Surcharging Importer
“Why would the ministry with a branding policy on colours order buses in allegedly wrong colours and then use almost $1m of our monies just to change their colours? Why was the person who ordered the buses in allegedly the wrong colours not surcharged with the cost of simply re-spraying them?

“And when have Ghanaians been bothered about the colour in which a bus is sprayed? What was the original colour and what made that colour so repugnant that more of our monies had to be spent to change it? And how do you change the colours by putting the faces of the president and former leaders on them?” OccupyGhana queried.

Childish Lie
The group described the ‘urgency reason’ as “childish, empty, vacuous, corrupt and silly lie that the PPA should have seen through, unless, the PPA, in spite of the good intentions that led to its establishment, has at best become a pliable and malleable tool in the hands of political actors, or at worst, an active participant in corrupt transactions.”

No Security Threat
On the issue of ‘major threat to national security’, OccupyGhana said it was a palpable lie because the buses had already been branded in May for early release and as at the date of writing to the PPA on July 28, “there was absolutely no threat (real or perceived) to the security of the nation.

OccupyGhana posited, “The only reason why the buses had not been released for operations to begin was that the branding had been done illegally: Smarttys had not been paid, the MOT was now seeking to use illegal means to cover its tracks, and PPA had to prove itself a mere rubber stamp so that Smarttys would get paid,” saying, “but dates don't lie.”
Pre-Arrangement
The group asked, “And did the PPA cross-check this fatuous lie with National Security? Note, once again, that the PPA approved of the sole-sourcing within 24 hours of receiving this letter. Everything appears to have been pre-arranged.”

On the reason for the deployment of the buses, OccupyGhana said the ministry had insisted, “Smarttys and Smarttys alone had to do the branding because the ministry wanted to ‘deploy the buses by the end of August 31, 2015.’

“The truth, however, is that the buses had already been branded. There was, therefore, no other let or hindrance to deploying the buses even as at 28th July, 2015 when this letter was written for PPA approval.”

Heat On PPA
The group did not spare the PPA which approved the strange deal, saying that if the agency had been diligent, it would have realised that “the buses had already been branded; that for which approval was now being sought, had been done.

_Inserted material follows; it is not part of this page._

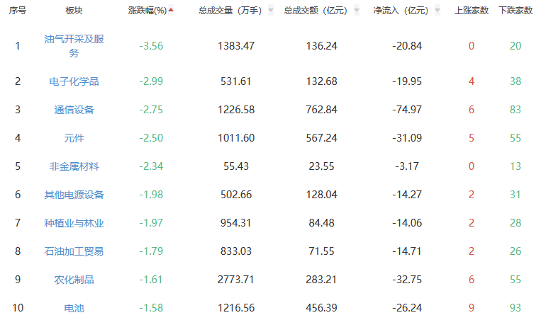 A股市场板块涨跌幅排行

“Let us be charitable and assume that the PPA indeed verified the claim; what did they see that led to them granting the sole-sourcing approval within 24 hours?”

Fallouts From The Deal
The GH¢3.6 million, being the cost of the rebranding to the taxpayer, set tongues wagging last year, leading to the resignation of Dzifa Attivor as Minister for Transport.

The government later said it had ordered Smarttys to refund about GH¢1.5 million, being the excess amount on the branding cost, which the company claimed it had since refunded.

Mrs Attivor caused public outrage when she recently asked Voltarians to retain the NDC in government because she feared that if the NPP won the November elections, she and other sitting ministers from the region would be jailed.

She said specifically that during the reign of the NPP, it jailed appointees who were from the Volta Region and that it could repeat it if it won the impending elections.

Her political opponents have interpreted her ethnic outburst to mean an admission of guilt in the manner in which she awarded contracts during her tenure at the ministry.